524: Astrónomo português investiga sinais do misterioso Planeta X em tapeçarias medievais

Queen’s University Belfast
O astrónomo português Pedro Lacerda e a investigadora italiana Marilina Cesario, junto a uma reprodução da Tapeçaria de Bayeux que mostra o Cometa Halley em 1066

O astrónomo português Pedro Lacerda integra uma investigação, no Reino Unido, que procura pistas sobre o misterioso Planeta X em pergaminhos e tapeçarias medievais. O investigador da Queen´s University, em Belfast, na Irlanda do Norte, explica ao ZAP os detalhes desta pesquisa.

O misterioso Planeta X ou Planeta 9, como é também conhecido, é uma mera hipótese, não havendo provas da sua existência.

Há cientistas que defendem que este planeta que será gelado e gigante, com 10 vezes a massa da Terra, será o responsável por algumas das forças gravitacionais do Cinturão de Kuiper, onde se acredita que têm origem os chamados cometas de período curto (os que se verificam com espaçamentos de até 200 anos).

É na busca por este enigmático Planeta X que o astrónomo português Pedro Lacerda está empenhado numa investigação realizada no Reino Unido, enquanto professor auxiliar do Departamento de Matemática e Física da Queen’s University em Belfast, em parceria com a especialista em Língua Anglo-Saxónica (o Inglês antigo), Marilina Cesario, docente italiana da mesma Universidade.

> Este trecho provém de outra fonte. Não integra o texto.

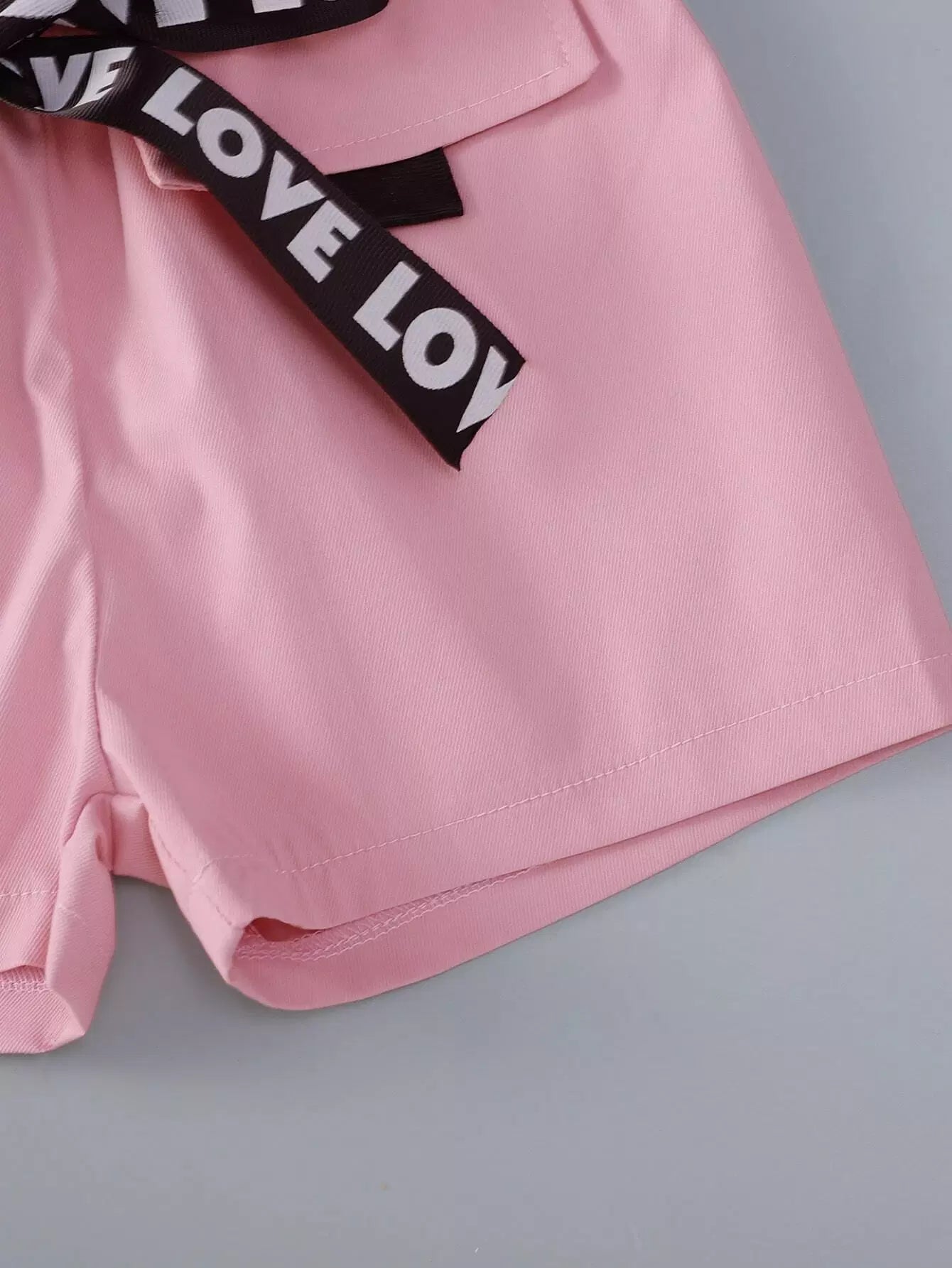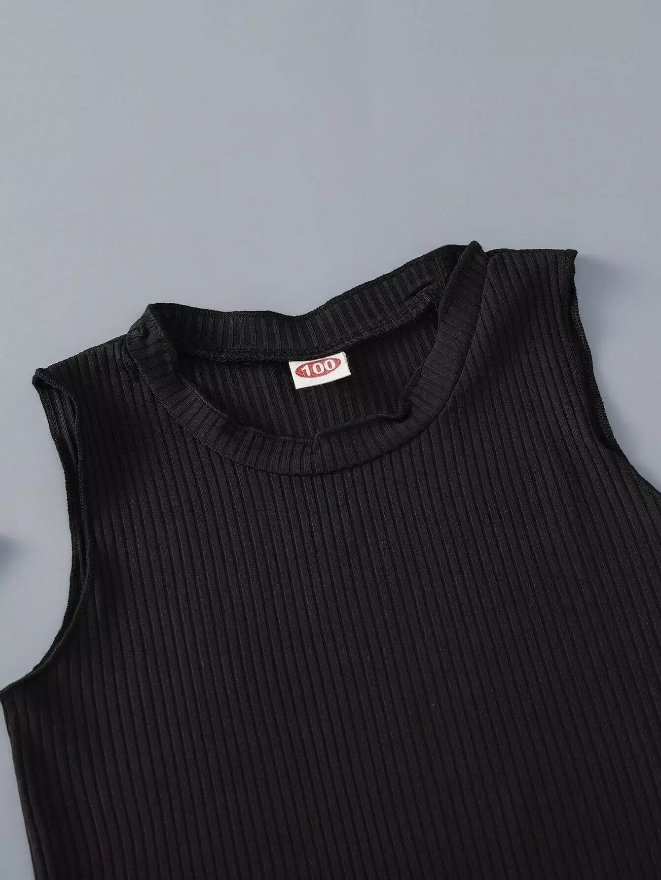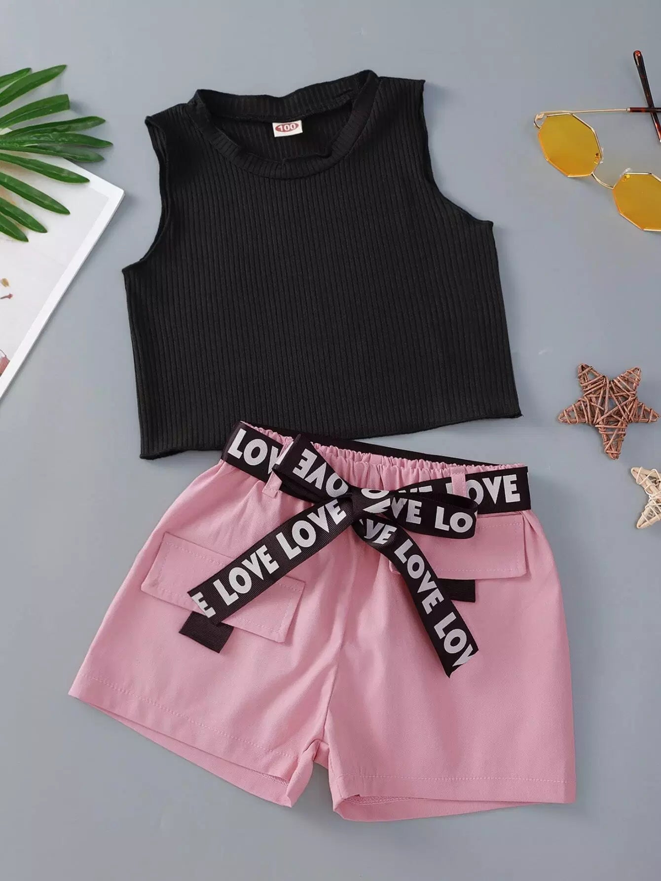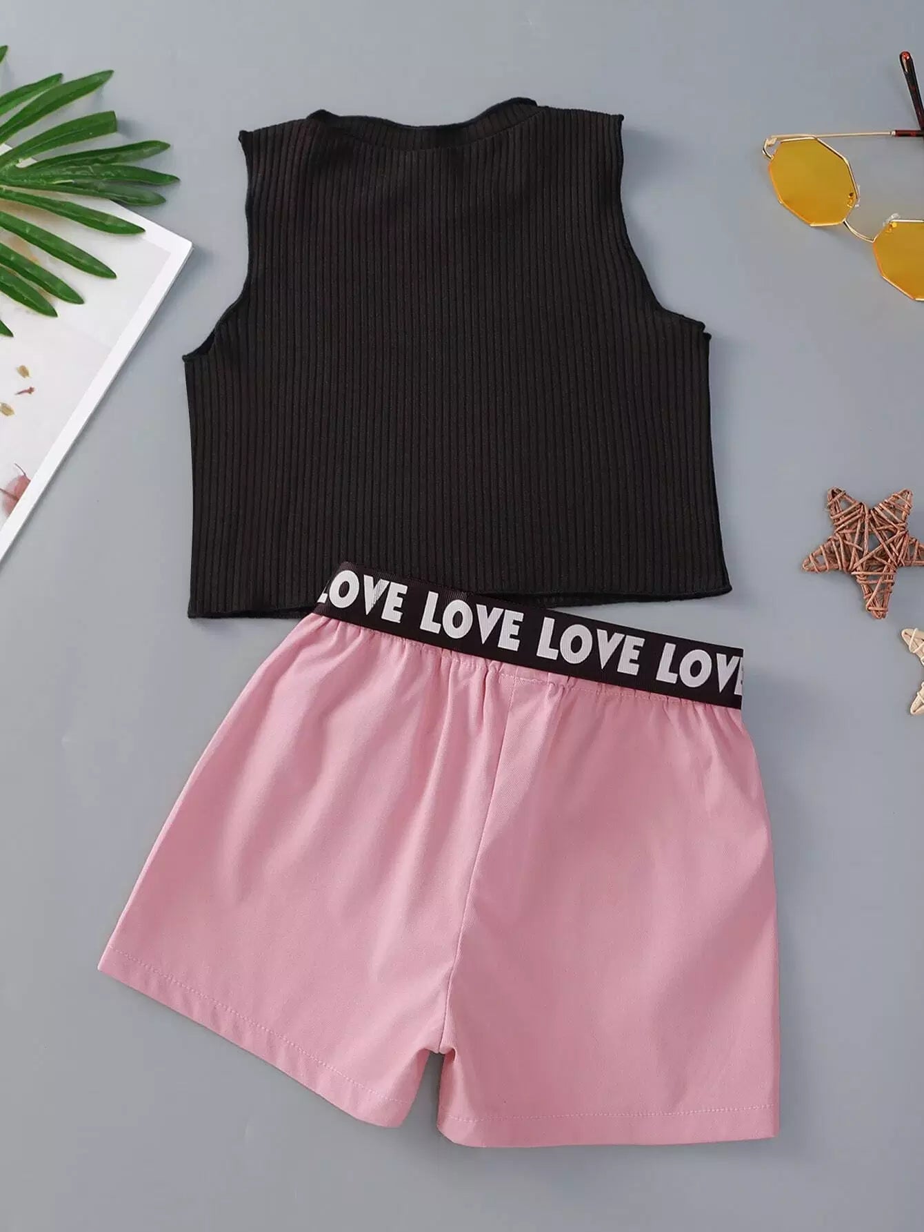 Toddler Girls Ribbed Knit Tank Top & Letter Graphic Shorts Without Belt

Os dois investigadores procuram pistas sobre o Planeta X em pergaminhos e tapeçarias medievais, cruzando os registos de cometas assinalados nesses documentos históricos com os dados actuais da NASA e de outras fontes.

Pedro Lacerda explica ao ZAP que, através de “simulações de computador”, consegue seguir até ao passado “centenas de cometas”, com “órbitas bem caracterizadas actualmente”, para “estimar em que datas estariam visíveis nos céus”.

As datas apuradas são depois comparadas com os registos detectados por Marilina Cesario na chamada Crónica Anglo-Saxónica, os escritos medievais de entre os Séculos IX e XI.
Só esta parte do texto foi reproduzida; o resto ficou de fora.